### Provided records ###

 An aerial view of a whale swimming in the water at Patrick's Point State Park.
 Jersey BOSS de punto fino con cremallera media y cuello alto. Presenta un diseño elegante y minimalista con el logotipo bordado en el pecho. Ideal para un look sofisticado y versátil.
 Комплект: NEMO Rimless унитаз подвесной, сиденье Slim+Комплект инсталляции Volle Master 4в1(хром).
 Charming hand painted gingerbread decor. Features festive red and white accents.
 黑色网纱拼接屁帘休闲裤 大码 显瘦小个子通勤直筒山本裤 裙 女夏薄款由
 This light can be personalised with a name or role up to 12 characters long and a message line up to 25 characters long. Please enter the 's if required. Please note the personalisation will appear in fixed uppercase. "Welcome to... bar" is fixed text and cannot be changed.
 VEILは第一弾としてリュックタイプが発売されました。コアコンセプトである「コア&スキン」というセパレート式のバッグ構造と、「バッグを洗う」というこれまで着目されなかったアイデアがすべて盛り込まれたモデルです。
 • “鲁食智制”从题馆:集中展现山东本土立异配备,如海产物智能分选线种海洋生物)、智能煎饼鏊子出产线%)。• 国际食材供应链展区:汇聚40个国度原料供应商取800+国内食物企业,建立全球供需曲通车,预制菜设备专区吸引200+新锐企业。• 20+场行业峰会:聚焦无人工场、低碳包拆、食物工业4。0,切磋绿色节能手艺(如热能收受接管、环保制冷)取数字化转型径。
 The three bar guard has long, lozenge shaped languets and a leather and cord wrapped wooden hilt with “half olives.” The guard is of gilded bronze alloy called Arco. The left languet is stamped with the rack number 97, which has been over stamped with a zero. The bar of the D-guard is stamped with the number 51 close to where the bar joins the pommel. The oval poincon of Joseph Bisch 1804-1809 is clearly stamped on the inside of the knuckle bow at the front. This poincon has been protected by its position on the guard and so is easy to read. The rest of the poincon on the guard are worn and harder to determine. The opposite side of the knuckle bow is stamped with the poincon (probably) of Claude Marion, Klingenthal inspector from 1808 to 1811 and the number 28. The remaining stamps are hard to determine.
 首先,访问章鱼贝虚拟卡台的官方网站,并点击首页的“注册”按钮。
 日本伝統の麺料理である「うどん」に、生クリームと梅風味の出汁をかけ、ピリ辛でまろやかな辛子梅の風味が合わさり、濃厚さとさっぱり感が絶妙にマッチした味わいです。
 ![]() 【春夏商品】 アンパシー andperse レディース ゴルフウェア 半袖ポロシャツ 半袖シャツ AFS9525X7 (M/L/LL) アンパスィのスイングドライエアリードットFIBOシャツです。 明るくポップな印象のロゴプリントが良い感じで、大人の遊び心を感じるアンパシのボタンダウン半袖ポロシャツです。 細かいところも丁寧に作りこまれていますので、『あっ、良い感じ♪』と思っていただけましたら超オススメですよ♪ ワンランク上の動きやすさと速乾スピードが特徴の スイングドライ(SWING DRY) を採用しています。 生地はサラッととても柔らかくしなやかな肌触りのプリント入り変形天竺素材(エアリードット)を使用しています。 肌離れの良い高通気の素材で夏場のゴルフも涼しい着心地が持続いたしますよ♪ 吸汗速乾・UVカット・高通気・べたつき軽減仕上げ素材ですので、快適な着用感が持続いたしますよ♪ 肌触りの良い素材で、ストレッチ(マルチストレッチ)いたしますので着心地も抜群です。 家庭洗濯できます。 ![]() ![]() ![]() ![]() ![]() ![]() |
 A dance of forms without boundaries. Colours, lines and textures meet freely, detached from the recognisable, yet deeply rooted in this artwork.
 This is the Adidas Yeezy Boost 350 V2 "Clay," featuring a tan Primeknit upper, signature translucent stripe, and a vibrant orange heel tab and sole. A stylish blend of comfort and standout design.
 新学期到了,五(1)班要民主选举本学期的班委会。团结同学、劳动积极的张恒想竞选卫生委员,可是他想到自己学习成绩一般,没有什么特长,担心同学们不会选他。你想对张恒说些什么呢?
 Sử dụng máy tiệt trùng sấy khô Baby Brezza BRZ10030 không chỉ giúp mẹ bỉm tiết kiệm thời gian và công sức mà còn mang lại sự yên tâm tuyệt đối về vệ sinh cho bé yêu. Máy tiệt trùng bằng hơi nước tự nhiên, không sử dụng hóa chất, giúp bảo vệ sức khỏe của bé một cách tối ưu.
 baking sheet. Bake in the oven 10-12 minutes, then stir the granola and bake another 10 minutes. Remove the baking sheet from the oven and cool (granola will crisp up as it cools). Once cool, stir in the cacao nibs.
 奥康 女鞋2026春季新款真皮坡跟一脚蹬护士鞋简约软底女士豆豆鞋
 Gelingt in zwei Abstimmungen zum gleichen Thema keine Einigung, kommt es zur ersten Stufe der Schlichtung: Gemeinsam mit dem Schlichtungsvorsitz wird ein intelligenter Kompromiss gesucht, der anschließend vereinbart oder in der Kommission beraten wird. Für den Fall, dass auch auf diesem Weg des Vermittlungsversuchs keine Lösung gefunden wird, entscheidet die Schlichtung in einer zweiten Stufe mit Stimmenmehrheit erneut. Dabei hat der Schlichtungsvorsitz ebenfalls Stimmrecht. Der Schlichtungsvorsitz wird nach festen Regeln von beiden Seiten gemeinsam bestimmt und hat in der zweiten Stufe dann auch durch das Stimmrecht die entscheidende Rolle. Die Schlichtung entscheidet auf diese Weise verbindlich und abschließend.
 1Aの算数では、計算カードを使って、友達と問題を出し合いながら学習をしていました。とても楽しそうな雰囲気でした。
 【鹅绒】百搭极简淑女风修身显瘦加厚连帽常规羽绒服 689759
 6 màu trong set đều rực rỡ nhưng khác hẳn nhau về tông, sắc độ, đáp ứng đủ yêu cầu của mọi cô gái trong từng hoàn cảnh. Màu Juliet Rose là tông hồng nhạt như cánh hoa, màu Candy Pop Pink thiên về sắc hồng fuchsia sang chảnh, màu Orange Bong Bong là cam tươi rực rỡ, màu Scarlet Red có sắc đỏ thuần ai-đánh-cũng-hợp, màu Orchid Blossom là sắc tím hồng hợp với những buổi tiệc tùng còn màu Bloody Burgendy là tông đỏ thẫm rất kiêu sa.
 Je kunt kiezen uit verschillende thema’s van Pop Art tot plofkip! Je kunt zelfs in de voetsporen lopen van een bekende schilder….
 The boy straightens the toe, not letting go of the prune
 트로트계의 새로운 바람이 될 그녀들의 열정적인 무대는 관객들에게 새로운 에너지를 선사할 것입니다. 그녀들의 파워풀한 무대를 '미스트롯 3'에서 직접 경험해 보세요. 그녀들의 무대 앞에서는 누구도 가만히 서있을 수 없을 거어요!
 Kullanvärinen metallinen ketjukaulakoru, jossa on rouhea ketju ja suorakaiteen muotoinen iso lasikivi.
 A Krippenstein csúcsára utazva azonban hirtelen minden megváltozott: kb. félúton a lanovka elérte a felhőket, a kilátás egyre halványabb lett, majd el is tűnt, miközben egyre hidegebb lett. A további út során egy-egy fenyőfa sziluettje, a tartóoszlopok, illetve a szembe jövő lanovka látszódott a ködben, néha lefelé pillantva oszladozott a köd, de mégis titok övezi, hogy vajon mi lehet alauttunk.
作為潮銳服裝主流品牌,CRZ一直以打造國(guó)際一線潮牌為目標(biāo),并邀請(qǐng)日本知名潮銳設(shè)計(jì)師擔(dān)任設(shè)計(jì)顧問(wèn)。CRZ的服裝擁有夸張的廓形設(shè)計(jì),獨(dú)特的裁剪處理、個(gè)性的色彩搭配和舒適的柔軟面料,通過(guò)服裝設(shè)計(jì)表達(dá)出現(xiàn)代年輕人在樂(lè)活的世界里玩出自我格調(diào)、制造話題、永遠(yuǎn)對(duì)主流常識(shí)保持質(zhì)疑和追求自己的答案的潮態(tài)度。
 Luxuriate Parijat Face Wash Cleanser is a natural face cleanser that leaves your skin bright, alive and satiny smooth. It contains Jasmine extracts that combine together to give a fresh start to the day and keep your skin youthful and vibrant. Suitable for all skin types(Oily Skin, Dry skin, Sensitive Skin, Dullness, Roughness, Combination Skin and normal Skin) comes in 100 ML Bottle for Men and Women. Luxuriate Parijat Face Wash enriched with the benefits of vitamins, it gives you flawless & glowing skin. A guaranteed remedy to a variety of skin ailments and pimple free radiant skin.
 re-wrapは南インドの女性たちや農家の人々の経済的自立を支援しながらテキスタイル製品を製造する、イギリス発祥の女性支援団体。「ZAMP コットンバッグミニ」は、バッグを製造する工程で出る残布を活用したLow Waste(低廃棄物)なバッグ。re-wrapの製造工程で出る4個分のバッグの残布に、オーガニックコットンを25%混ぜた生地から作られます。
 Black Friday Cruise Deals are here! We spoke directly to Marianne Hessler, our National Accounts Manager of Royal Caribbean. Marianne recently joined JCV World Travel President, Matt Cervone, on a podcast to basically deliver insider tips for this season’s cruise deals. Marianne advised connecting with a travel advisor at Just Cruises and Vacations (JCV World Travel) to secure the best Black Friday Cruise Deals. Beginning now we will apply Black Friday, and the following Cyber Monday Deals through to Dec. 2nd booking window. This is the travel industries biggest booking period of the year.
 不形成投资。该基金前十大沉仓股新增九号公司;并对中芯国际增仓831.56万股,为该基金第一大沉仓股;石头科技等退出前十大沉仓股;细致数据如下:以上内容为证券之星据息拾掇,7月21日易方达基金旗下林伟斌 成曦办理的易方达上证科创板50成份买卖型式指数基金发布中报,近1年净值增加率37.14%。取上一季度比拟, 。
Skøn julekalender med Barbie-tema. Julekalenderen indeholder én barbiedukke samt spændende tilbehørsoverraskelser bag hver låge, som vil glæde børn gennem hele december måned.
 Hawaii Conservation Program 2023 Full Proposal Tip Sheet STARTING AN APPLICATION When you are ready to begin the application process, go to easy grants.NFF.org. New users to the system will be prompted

###

Task item: Your task is to restate, word for word, only those lines above that fall between the line holding "Je kunt kiezen" and the line holding "作為潮銳服裝主流品牌,CRZ", inclusive.

Solution below:
 Je kunt kiezen uit verschillende thema’s van Pop Art tot plofkip! Je kunt zelfs in de voetsporen lopen van een bekende schilder….
 The boy straightens the toe, not letting go of the prune
 트로트계의 새로운 바람이 될 그녀들의 열정적인 무대는 관객들에게 새로운 에너지를 선사할 것입니다. 그녀들의 파워풀한 무대를 '미스트롯 3'에서 직접 경험해 보세요. 그녀들의 무대 앞에서는 누구도 가만히 서있을 수 없을 거어요!
 Kullanvärinen metallinen ketjukaulakoru, jossa on rouhea ketju ja suorakaiteen muotoinen iso lasikivi.
 A Krippenstein csúcsára utazva azonban hirtelen minden megváltozott: kb. félúton a lanovka elérte a felhőket, a kilátás egyre halványabb lett, majd el is tűnt, miközben egyre hidegebb lett. A további út során egy-egy fenyőfa sziluettje, a tartóoszlopok, illetve a szembe jövő lanovka látszódott a ködben, néha lefelé pillantva oszladozott a köd, de mégis titok övezi, hogy vajon mi lehet alauttunk.
作為潮銳服裝主流品牌,CRZ一直以打造國(guó)際一線潮牌為目標(biāo),并邀請(qǐng)日本知名潮銳設(shè)計(jì)師擔(dān)任設(shè)計(jì)顧問(wèn)。CRZ的服裝擁有夸張的廓形設(shè)計(jì),獨(dú)特的裁剪處理、個(gè)性的色彩搭配和舒適的柔軟面料,通過(guò)服裝設(shè)計(jì)表達(dá)出現(xiàn)代年輕人在樂(lè)活的世界里玩出自我格調(diào)、制造話題、永遠(yuǎn)對(duì)主流常識(shí)保持質(zhì)疑和追求自己的答案的潮態(tài)度。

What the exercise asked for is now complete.